No mar, eu me sinto renovado. No mar, eu estou às margens da alegria.


[No iPod, de plantão no trabalho, escutando “Das maravilhas do mar, fez-se o esplendor de uma noite”, samba-enredo da Portela de 1981, lindamente composto e cantado por David Corrêa. Tempos depois, Bethânia o recupera em “Mar de Sophia”, numa versão que revigora a alma. Veja aqui ou confira a letra abaixo]



Deixa-me encantar
Com tudo teu e revelar (lá, rá, rá)
O que vai acontecer
Nesta noite de esplendor
O mar subiu na linha do horizonte
Desaguando como fonte
Ao vento a ilusão teceu
O mar, oi o mar, por onde andei mareou, mareou
Rolou na dança das ondas
No verso do cantador

Dança quem tá na roda
Roda de brincar
Prosa na boca do tempo
E vem marear

Eis o cortejo irreal
Com as maravilhas do mar
Fazendo o meu carnaval
É a vida a brincar
A luz raiou pra clarear a poesia
Num sentimento que desperta na folia
(Amor, amor)
Amor sorria, ôôô
Um novo dia despertou

E lá vou eu
Pela imensidão do mar
Esta onda que borda a avenida de espuma
Me arrasta a sambar





22 abril, 2008

Estofo



Sabe, seu moço, o estofo que vai revestir aquele assentinho antigo ali, velho mesmo? Então, faz três semanas que não está pronto. Um senhorzinho que mora naquela casinhola, lá em cima do matagal, sabe quem é? Então, noite vai, noite vem, ele toca sempre no assunto, falando sozinho de canto a canto da varando: “Cadê a minha cadeira? Eu quero me sentar! Quero descansar!”. Foi o que contaram na esquina.
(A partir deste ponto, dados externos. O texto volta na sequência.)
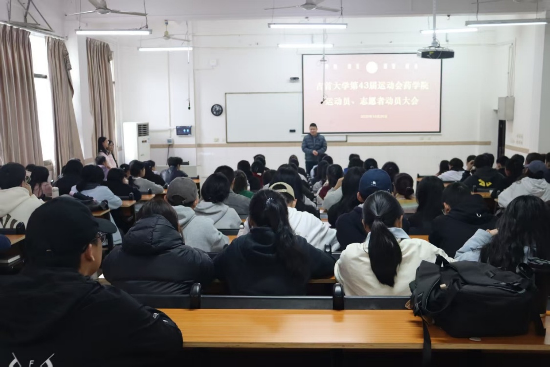 本网讯(通讯员 周秀英 刘雪莹)青春激荡,斗志昂扬为激励全体参与者全力以赴,力争在运动会上取得运动成绩与精神文明的双丰收,10月21日中午,太阳成集团tyc234cc第43届运动会太阳成集团tyc234cc运动员、志愿者动员大会在大田湾校区1106教室成功召开,太阳成集团tyc234cc辅导员鲁明新、艾子玲,32位运动员及53位志愿者参加此次会议。文体部张婧主持会议。
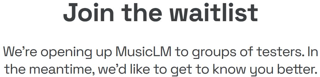 MusicLM 同样没有对外公布,想要体验只能在 AI Test Kitchen 上排队获取内测资格。

Não se fala em outra coisa: onde está o raio da morada que aquele corpo já encurvado procura para suas horinhas de descanso? É essa cadeirinha aqui? Ave Maria, homem de Deus, corra logo com esse serviço! Virgem Nossa Senhora, deixa eu pôr a mão na boca pra dizer isso, tenho que falar baixo: o danado do velho tem fama solta de rogar mandinga por aí aos atrevidos que não seguem o ritmo dos seus quereres. E é coisa braba, meu senhor, coisa braba mesmo, difícil de se endireitar com qualquer reza frouxa. Eu me pélo todinho só de pensar nas maleitas dele que contam por aí na vizinhança.

Dizem que ele é doente, coitado, que está mal das pernas mesmo. Mas ainda tá vivo e gritando dentro de casa. Vá, homem de Deus, trate logo de se adiantar! Endireita logo esse assento velho e se livra disso. Oxalá nada te aconteça demais. E que esse senhorzinho fique descansando na sua paz.
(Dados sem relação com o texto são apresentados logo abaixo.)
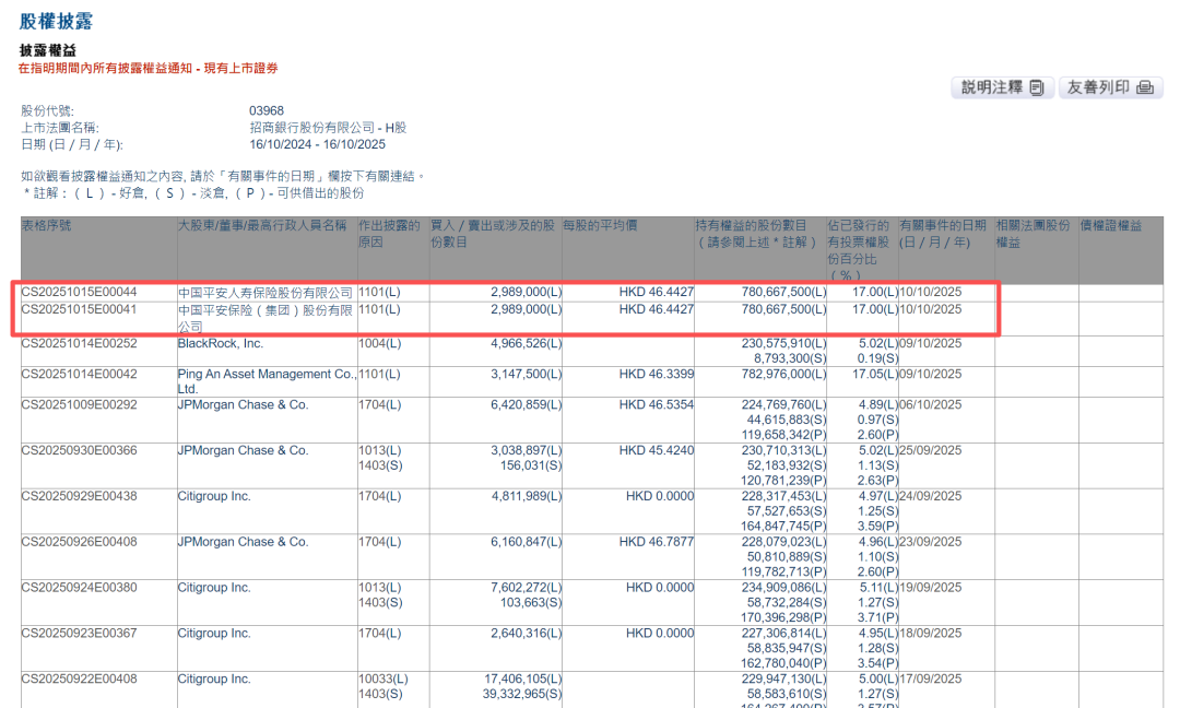 在银行股回调过后,险资持续加码。上海证券报记者近日统计发现,10月以来,中国平安及旗下子公司平安人寿买入招商银行H股、邮储银行H股,合计斥资约1.73亿港元。

“Qualquer amor já é um pouquinho de saúde, um descanso na loucura”
[Guimarães Rosa]


21 abril, 2008

Arrefecer



Minha explosão acontece quando menos eu espero ou posso controlar. Vou guardando aqui e ali, dia sim e dia também, até encontrar neste labirinto aqui que vos fala uma saída qualquer para despejar um tanto da ira contida, cultivada e guardada por tempos. Os mais incautos podem até me alertar que esse tipo de raiva só faz mal, pererê-pão-doce e etcétera e tal. Mas eu peço licença, me desculpo e defendo: acho importante, sim, o ranger dos dentes por, pelo menos, cinco minutos. Até deixar o sol raiar no dia seguinte.

Eu espero até um equinócio, solstício ou a translação se for necessário, mas cadê que essa bola de fogo entranhada aqui dentro sai? Quando mesmo é que ela vai ser expulsa ou expelida, cuspida mundo afora? Repito: quando menos eu espero, numa situação tosca e banal do dia-a-dia, em que faço valer a herança calabresa da família, empino o nariz e estufo o peito para engrossar a voz e, enfim, trovejar meu palavrório por aí.

Forma de defesa? Pode até ser. Coisas do signo? Concordo em tese. Santos que não batem? Acho possível também. Mas eu confesso que gostaria de canalizar parte da ira, já devidamente filtrada e processada pelo bom senso, na hora exata em que ela é animada aqui dentro, a quem é de dever e de direito ouvir.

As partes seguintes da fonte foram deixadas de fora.